**DATASET EXCERPT**

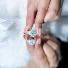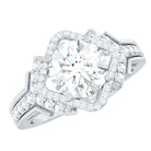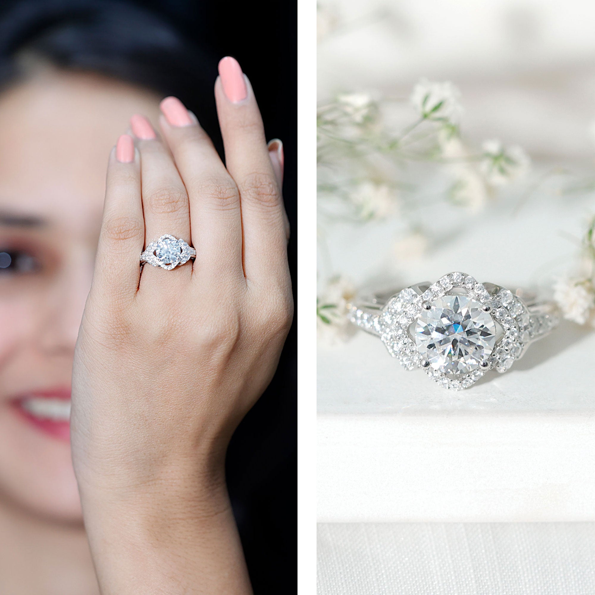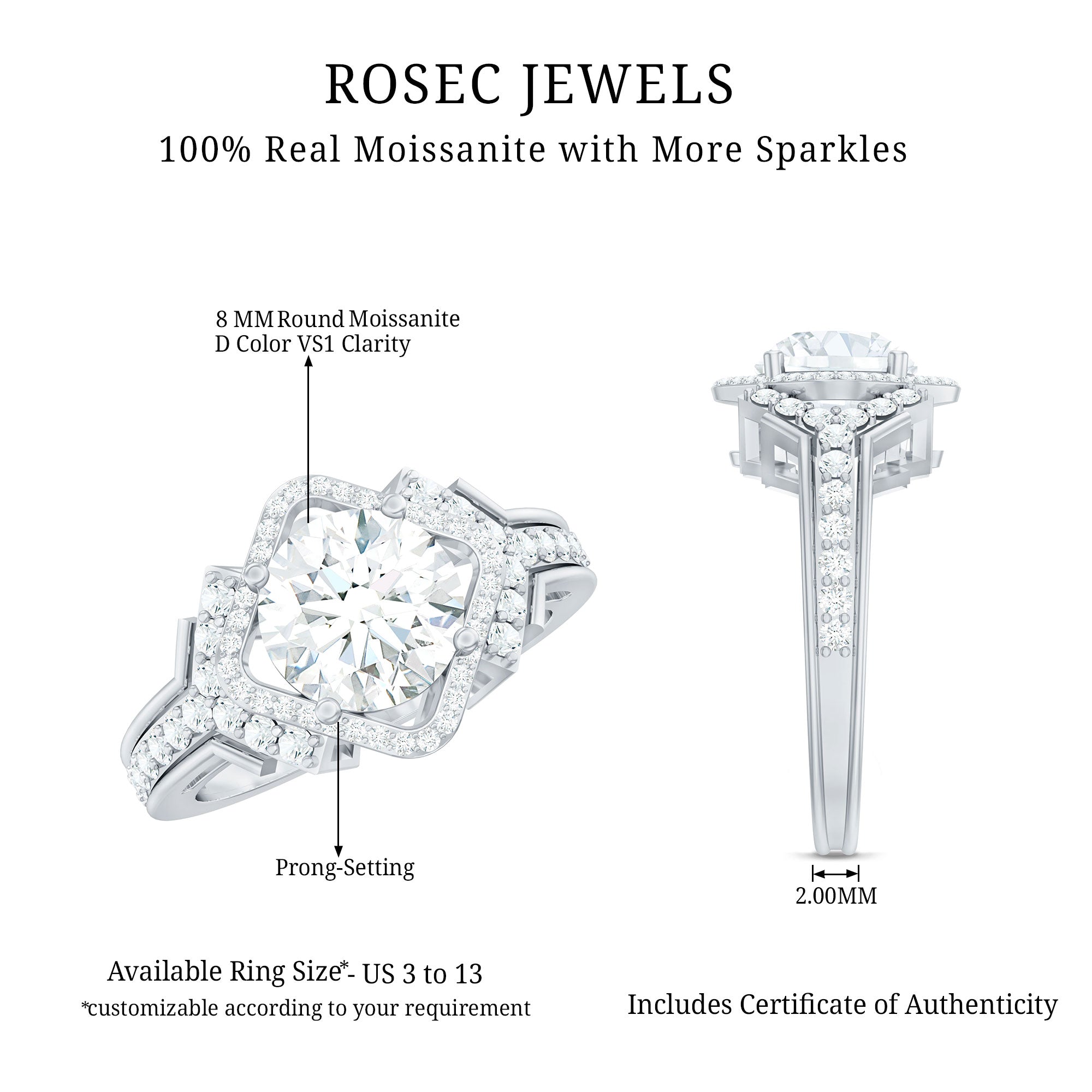 Present this Moissanite Engagement Ring to her and capture a priceless reaction from her. This ring is crafted with 14K White Gold Plated Silver, featuring an 8 MM Round Shape Moissanite adorned with smaller Moissanites as halo, and also decorated on the shank. This 2 Carat Engagement Ring beholds the classic shine of D-VS1 Quality Moissanite securely placed in Prong Setting. Also, the ring represents a strong and unbreakable bond which makes it the perfect choice for your lady to express your love. This Vintage Ring will perfectly suit the vibe of the occasion and will be delivered to you in a premium quality velvet pouch to store when not in use.
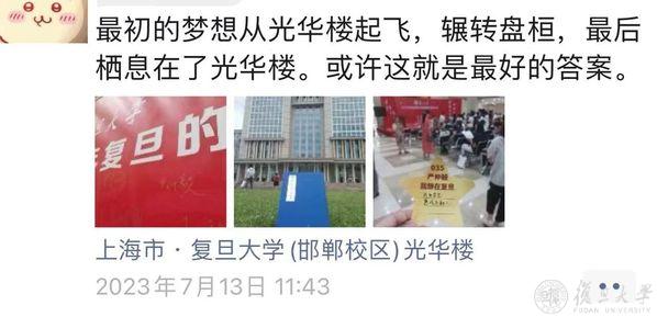 2023年7月,他再次发了一条朋友圈,配文是:最初的梦想从光华楼起飞,辗转盘桓,最后栖息在了光华楼。或许这就是最好的答案。
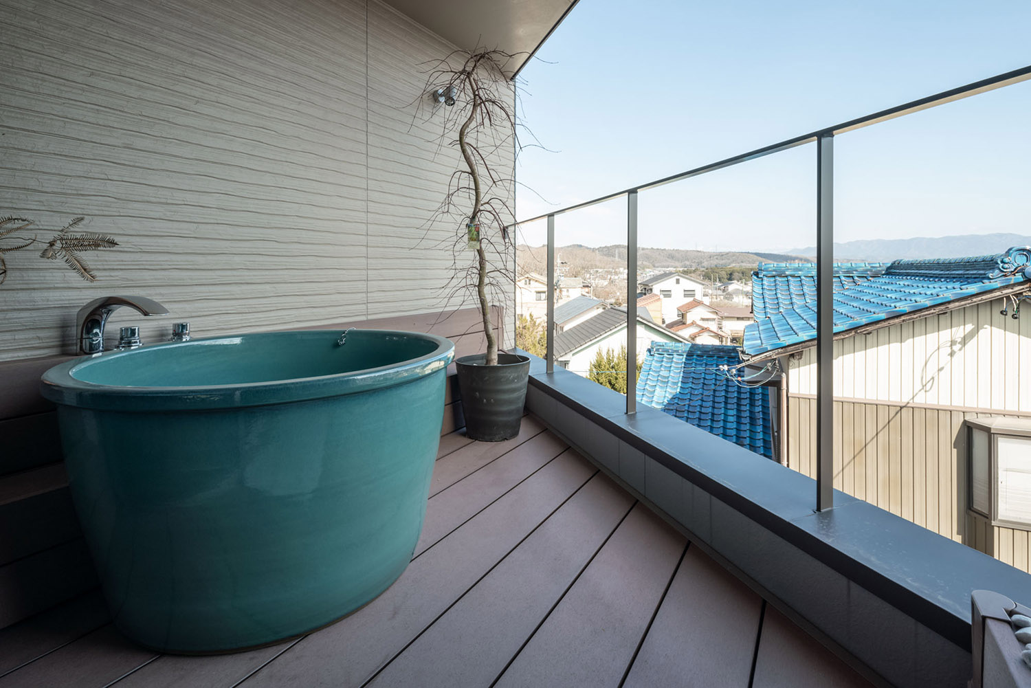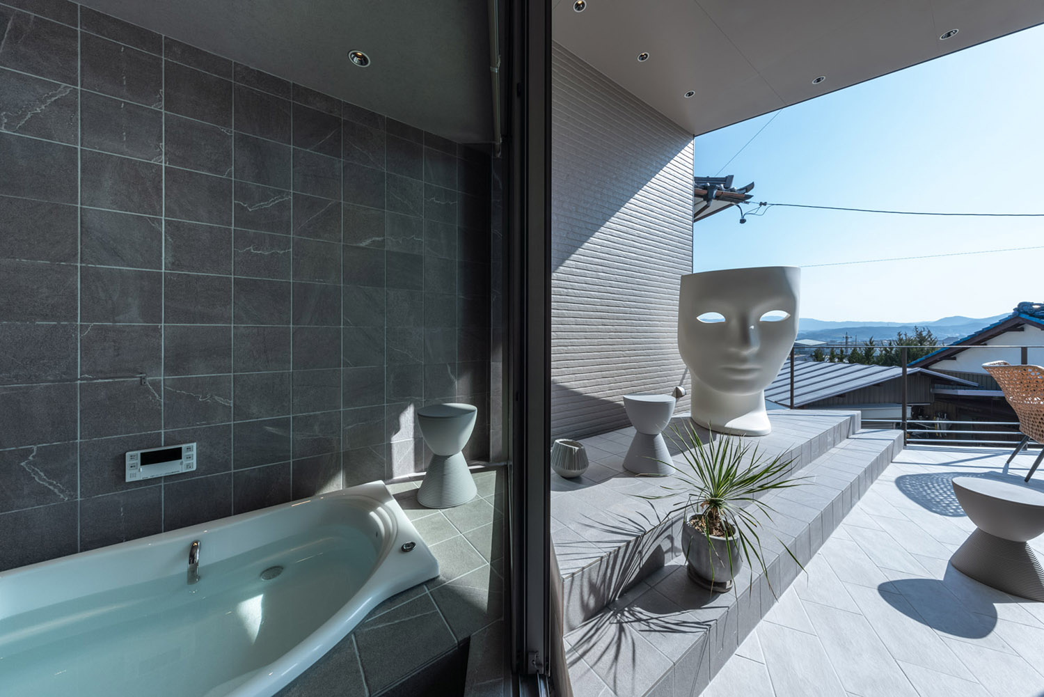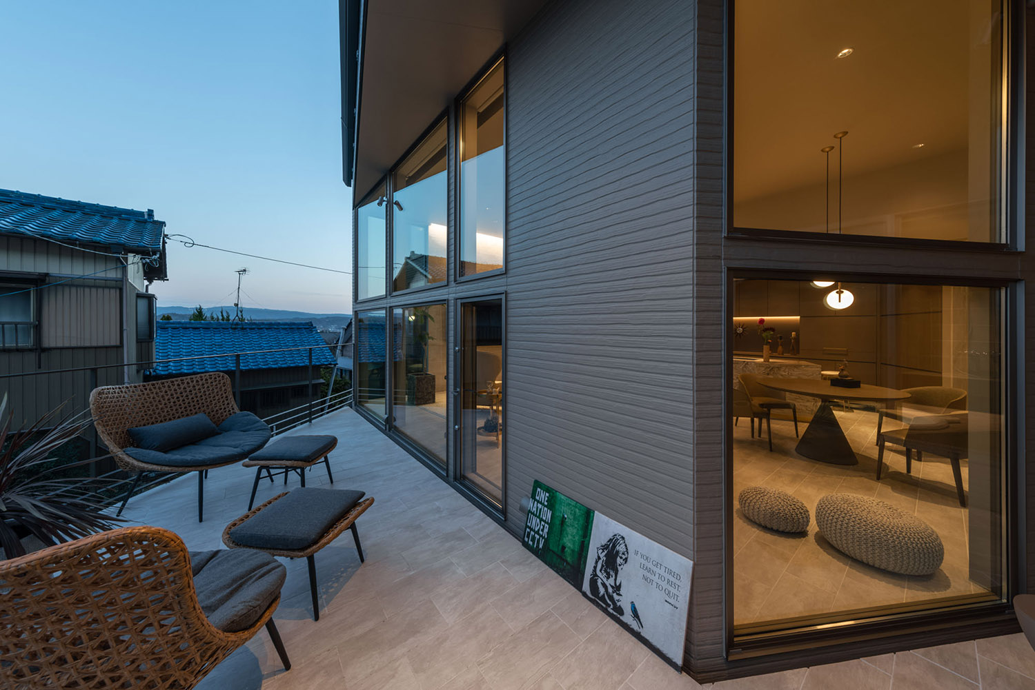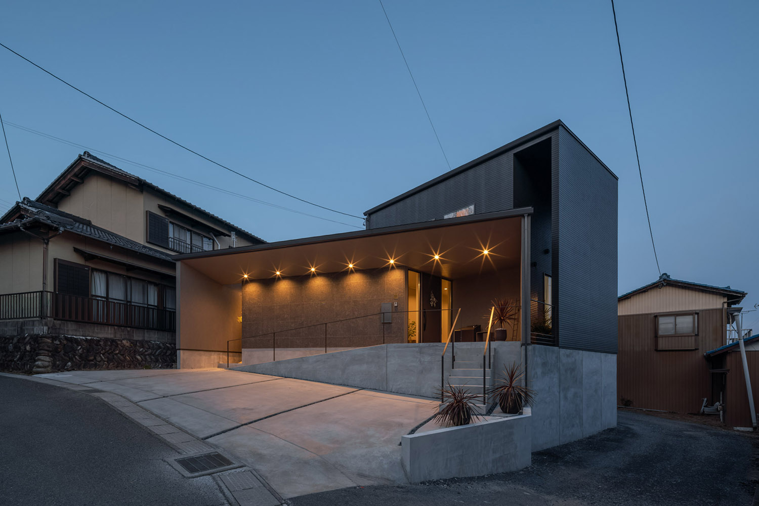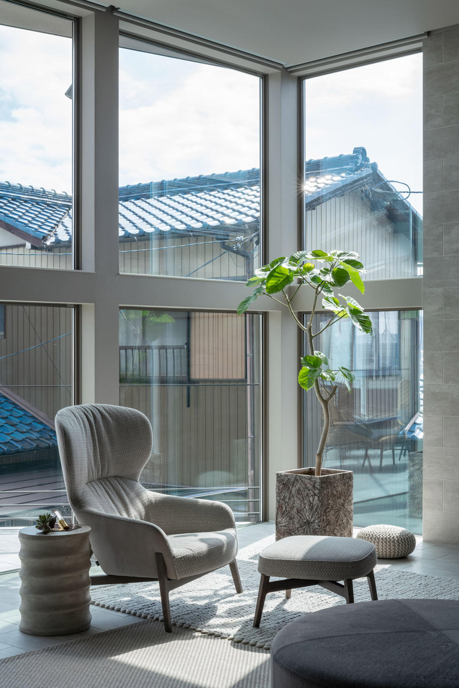 豊かな緑、空の広さ、高低差のある形状、風の道・自然の心地よさが表現されている土地を舞台にして、素晴らしいロケーションを活かすべく計画された住宅です。 建物は、ボリュームを「くの字」に曲げる事で、家の向きを決定付け、庭と建物の関係を整えています。5mの全開口となるサッシを開けると、庭と一体になるLDKが、「室内」としての装いから、自然の中に佇む「舞台」のような装いに代わります。断熱材や気密性能、地中蓄熱式暖房の採用にもこだわり、四季を楽しめるこだわりの空間を実現しました。

**ASSIGNED TASK**
Beginning with the line that holds "2023年7月,他再次发了一", output each line to the end of the material above, exactly, omitting the pictures.

**WRITTEN ANSWER**
 2023年7月,他再次发了一条朋友圈,配文是:最初的梦想从光华楼起飞,辗转盘桓,最后栖息在了光华楼。或许这就是最好的答案。
 豊かな緑、空の広さ、高低差のある形状、風の道・自然の心地よさが表現されている土地を舞台にして、素晴らしいロケーションを活かすべく計画された住宅です。 建物は、ボリュームを「くの字」に曲げる事で、家の向きを決定付け、庭と建物の関係を整えています。5mの全開口となるサッシを開けると、庭と一体になるLDKが、「室内」としての装いから、自然の中に佇む「舞台」のような装いに代わります。断熱材や気密性能、地中蓄熱式暖房の採用にもこだわり、四季を楽しめるこだわりの空間を実現しました。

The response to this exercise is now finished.